O fato das drogas serem proibidas não significa que elas não sejam acessíveis. Hoje em dia qualquer pessoa, inclusive crianças, consegue qualquer tipo de droga, seja indo até os pontos ilegais de venda ou mesmo pedindo via delivery. A população não está livre das drogas e o tráfico segue lucrando.

Legalizar a cannabis é regulamentar o uso e o comércio da planta.

Enquanto algumas pessoas acreditam que a legalização vai transformar o Brasil num país descontrolado e violento, os países que já legalizaram apresentam indicadores opostos.

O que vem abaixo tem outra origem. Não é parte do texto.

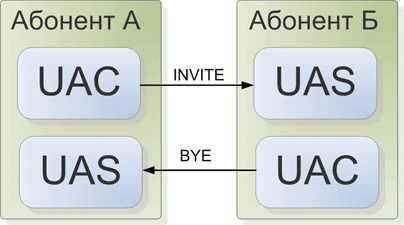 n агент-сервер (UAS - user agent server) - принимает запросы и посылает ответы.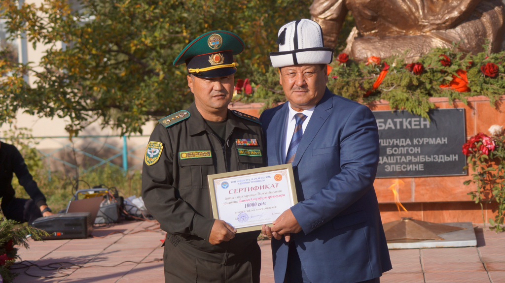 Баткен окуясынын катышуучуларына Тоң райондук мамлекеттик администрациясынын “Эмгек үзүрү” жана “Ардак грамоталары”, ошондой эле 10 миң сом өлчөмүндөгү акчалай сыйлыктар тапшырылды.

Uruguai, Colombia, Argentina, México, Canadá, Holanda, EUA (em partes), Espanha, Portugal, Itália, Jamaica, Suiça, Bangladesh, Alemanha, Holanda, Austrália, são alguns exemplos de países que de alguma forma legalizaram ou regulamentaram o comércio. E a lista segue crescendo.

Em nenhum desses países a violência aumentou.

“Aqueles países que legalizaram de alguma forma tiveram uma diminuição da criminalidade”.

John Grieve, autoridade policial e especialista em Inteligência Criminal da Scotland Yard dos EUA afirmou:

A legalização combate as organizações criminosas e permite que se recolha impostos oriundos da venda legal que são direcionados à educação, saúde e  segurança. 

Nesse modelo proibicionista quem fatura é o narcotráfico. As máfias seguem cada vez mais fortes, armadas e conquistando espaços na esfera política, como é o caso das milícias no Brasil.

Uma pesquisa publicada no Journal of the American Medical Association revelou que o consumo de drogas não aumentou nos estados que legalizaram a maconha nos EUA. 

Além disso, muitas pessoas, maioria homens e mulheres jovens e negros, que estão presas por quantidades mínimas de substâncias, poderão sair do cárcere.

Do ponto de vista econômico, o mercado da cannabis se coloca como uma grande promessa de investimento. Nos EUA, por exemplo, a legalização tem o potencial de gerar mais de 1 milhão de empregos diretos e indiretos e aumentar em US$ 130 bilhões o recolhimento de impostos no país até 2025, segundo estudo de New Frontier Date de 2019. 

Ao contrário do proibicionismo, legalizar traz resultados efetivos na vida das pessoas, pois regulamenta e controla o comércio das drogas.